Moreover, it had been proved that dysfunctional mitochondria would cause autophagy to control mitochondrial quality and quantity . That is to say, an abnormal level of damaged mitochondria might lead to various pathological issues. Thereby, it was of great significance to reveal the autophagic details during this process for a better understanding of the mechanism of the related diseases. Since the ability of HFI to real-time visualize autophagy in starvation had been demonstrated in Fig. 4, we then operated the probe to co-stain with MitoTracker-Green to evaluate the change of mitochondria. It could be seen from Fig. 5 that the intensive red fluorescence signals of HFI were detected with the incubation time in HBSS. The plot profile in Fig. 5 reflected that elevated overlapped levels between the probe and MitoTracker-Green were displayed. It could be observed more intuitively at the partially enlarged view that the green fluorescence of MitoTracker-Green showed good overlap with the red fluorescence of HFI. These results further verified the potential use of the probe in monitoring intracellular autophagy.
Rapamycin, an autophagy inducer, was employed to evaluate the capability of HFI in indicating autophagy as well. HeLa cells were pretreated with HFI for 30 min and then washed with PBS buffer (pH = 7.4) three times, followed by incubation with rapamycin at different concentrations for 4 h. As depicted in Fig. 6A-C, an obvious promotion of fluorescence in the red channel was shown after the treatment with 0.1 μM rapamycin, whereas the fluorescence intensity of the blue channel reduced in correspondence, resulting in a remarkable rise of I Red/I Blue. These results implied that the probe could monitor the variation of lysosomes during autophagy. The outcomes were further magnified based on a higher concentration of rapamycin and could be blocked by the addition of 3-MA, which was consistent with the WB results (Fig. 6D-E). Afterward, the imaging accuracy of HFI in autophagy was specifically studied with monodansylcadaverine (MDC), a commercial autophagy tracker. Of note, the red fluorescence of the probe was immensely associated with the green fluorescence of MDC, as the Pearson’s coefficient reached up to 0.98 (Fig. 6F). Additionally, the tracking ability of HFI had also been manifested in another autophagy inducer, tamoxifen, incubated cells (Fig. S9). These results suggested the utility of HFI for tracing drug-induced autophagy.
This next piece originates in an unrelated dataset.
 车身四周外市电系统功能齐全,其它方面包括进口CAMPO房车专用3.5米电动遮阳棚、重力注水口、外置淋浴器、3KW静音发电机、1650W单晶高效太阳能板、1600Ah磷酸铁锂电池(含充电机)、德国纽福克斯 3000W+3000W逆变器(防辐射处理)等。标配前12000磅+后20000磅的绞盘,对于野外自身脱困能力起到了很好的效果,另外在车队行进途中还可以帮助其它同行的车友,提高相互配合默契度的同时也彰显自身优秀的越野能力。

Evaluating autophagy in a hepatic injury model
With the exceptional performance of HFI in monitoring autophagy at cellular levels, it had been further investigated the effectiveness of the probe ex vivo. Recent studies indicate that autophagy is an important protective mechanism against APAP-induced liver injury [10, 12]. Therefore, studying the fluctuation of the autophagy levels in this disease could help to reveal the development of hepatotoxicity. In this perspective, mice were intraperitoneally treated with APAP to build a drug-induced liver injury (DILI) model (Fig. 7A). N-acetyl-L-cysteine (NAC) was provided to establish the liver protection group. As displayed in Fig. 7B, in comparison with other organs, distinct fluorescence was observed in the liver, reflecting the main distribution of the probe. Enhanced fluorescence was observed in the liver of the APAP group, whereas no significant alterations were involved in the group pretreated with NAC. Subsequently, the liver tissue sections were taken to lucubrate the details of the disease. As can be seen from Fig. 7C-D, similar weak red fluorescence was exhibited in the blank group and the ‘APAP + NAC’ group, while the fluorescence intensity of the red channel intensively increased with the induction of APAP. Conversely, compared with the other groups, a reduction of blue fluorescence was shown in the APAP group, leading to an obvious growth of I red/I blue (Fig. 7E). These results illustrated that HFI could be applied in reflecting the fluctuation of autophagy in DILI. Additionally, the histological analysis of these three groups was performed by the hematoxylin and eosin (H&E) staining. According to Fig. 7F, no obvious histological changes were observed in the liver slice of the blank group, as well as the ‘APAP + NAC’ group. Nevertheless, hepatocytes undergoing watery degeneration and vacuolation were displayed under the induction of APAP. Overall, HFI could serve as a robust tool to investigate the process of autophagy in DILI, further promoting the evaluation of drugs for the remediation of DILI.
Autophagy is a highly conserved cellular process that plays a critical role in regulating numerous physiological and pathological processes. The general mechanism of autophagy involves the degradation and recycling of various cellular components to autophagic vesicles, followed by fusing with lysosomes to retrieve the recyclable contents. Since lysosomes are essential for the process of autophagy, creating fluorescent probes to monitor changes in the lysosomal microenvironment is vital for understanding the autophagic mechanism and elucidating the precise changes in autophagy levels in diseases. It has been reported that definite changes are displayed in autophagic lysosomes, such as enhanced acidification and increased viscosity. Although much effort has been put into designing probes for measuring lysosomal viscosity or pH separately, there is a need to validate the concurrent imaging of the two elements to enhance the understanding of the dynamic progression of autophagy.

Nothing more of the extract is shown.